La relazione tra processi attentivi e prestazioni scolastiche è stata ulteriormente verificata analizzando la prestazione di bambini con disturbi specifici del calcolo. Uno studio di Passolunghi e Mammarella (2010) ha esaminato le abilità visive e spaziali di bambini con disturbo specifico del calcolo sia in compiti che prevedono elevati livelli di

controllo attentivo che in compiti con basse richieste di tale controllo. E’ stata registrata una difficoltà in compiti che prevedono processi di memoria di lavoro spaziale indipendentemente dal livello di controllo attentivo implicato, mentre non sono state registrate cadute in compiti di tipo visivo. In una recente ricerca di Szucs et al (2013) sulle funzioni implicate nella discalculia evolutiva, è stato possibile confermare il collegamento tra memoria visuospaziale a breve termine e disturbo del calcolo. Gli autori della ricerca hanno individuato quale ulteriore caratteristica implicata nel disturbo le difficoltà di inibizione di informazioni interferenti. In linea con alcuni risultati registrati nell’ambito delle difficoltà di lettura (De Beni, Palladino, Pazzaglia, e Cornoldi, 1998), bambini con difficoltà in ambito matematico possono commettere un maggior numero di errori, non tanto perché non sono in grado di attivare la risposta corretta, ma perché non riescono a sopprimere quella irrilevante. A tale proposito, Hasher e Zacks (1988) sostengono che l’inefficienza dei processi di controllo dell’interferenza non solo possono permettere alle informazioni non rilevanti di entrare nella memoria di lavoro, ma anche di rimanere attive occupando spazio e togliendo risorse per la prestazione. Difficoltà di inibizione possono contribuire a scarse prestazioni in ambito matematico perché le operazioni numeriche richiedono una coordinazione sia spaziale che temporale dei processi di soluzione del calcolo e contemporaneamente necessitano del recupero di soluzioni intermedie o fatti aritmetici che richiedono un continuo aggiornamento dei contenuti di memoria.

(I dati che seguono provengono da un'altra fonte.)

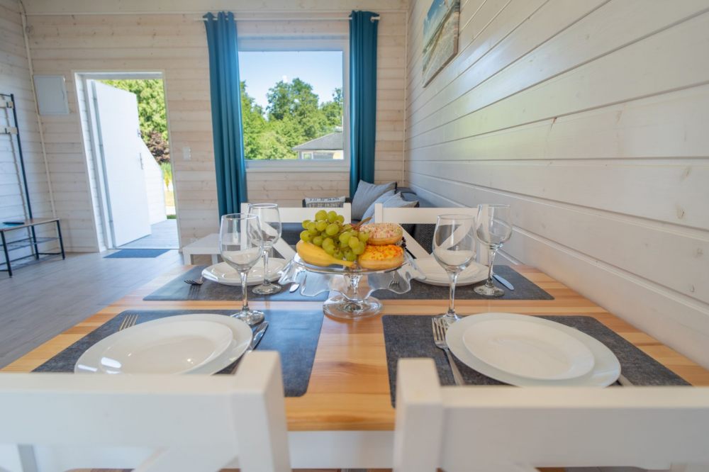 Domki max 6-7 osobowe. Każdy domek posiada aneks kuchenny - w pełni wyposażony, łazienkę, 2 osobne sypialnie, taras z grillem, 2 leżaki i parawan.

L’efficienza procedurale nel conteggio è una acquisizione graduale che si sviluppa nel tempo e con l’allenamento (Fuchs et al. 2006). Inizialmente il calcolo è infatti associato al conteggio numero per numero, successivamente si stabilizzano in memoria le strategie di conteggio rapido basato sul recupero di fatti aritmetici (Geary, Brown, e Samaranayake, 1991; Lemaire e Siegler, 1995), per i quali si presume una minore richiesta attentiva. Nell’esecuzione di compiti matematici quali il conteggio, l’attenzione esecutiva è fondamentale in quanto aiuta il bambino a mantenere traccia del conteggio, ma altrettanto importanti risultano i processi di inibizione di informazioni non pertinenti. Bull et al. (1999) hanno individuato una relazione tra abilità matematiche e processi di inibizione delle risposte automatiche e flessibilità cognitiva anche in bambini a sviluppo tipico. Steele et al. (2012) hanno rilevato che le prestazioni attentive in compiti “go-no go” e di ricerca visiva di bambini in età prescolare correlano con le future abilità matematiche misurate in prima elementare. Bambini che ottengono

basse prestazioni in ambito matematico presentano anche difficoltà nell’inibire la strategia appresa ed utilizzare nuove strategie (Bull e Scerif, 2001).

Anche studi condotti con riferimento alla teoria PASS hanno rilevato una relazione tra pianificazione e abilità matematiche e questo anche in bambini in età prescolare quando i processi di conteggio non sono ancora automatizzati (Kroesbergen et al., 2010). In uno studio condotto da Naglieri e Johnson (2000) la pianificazione è risultata il processo (tra quelli indicati nella teoria PASS) maggiormente correlato all’efficienza in ambito matematico. Studenti con Disturbo Specifico del Calcolo inoltre, evidenziano difficoltà sia nell’automatizzazione di fatti aritmetici che in processi di successione e pianificazione, attenzione.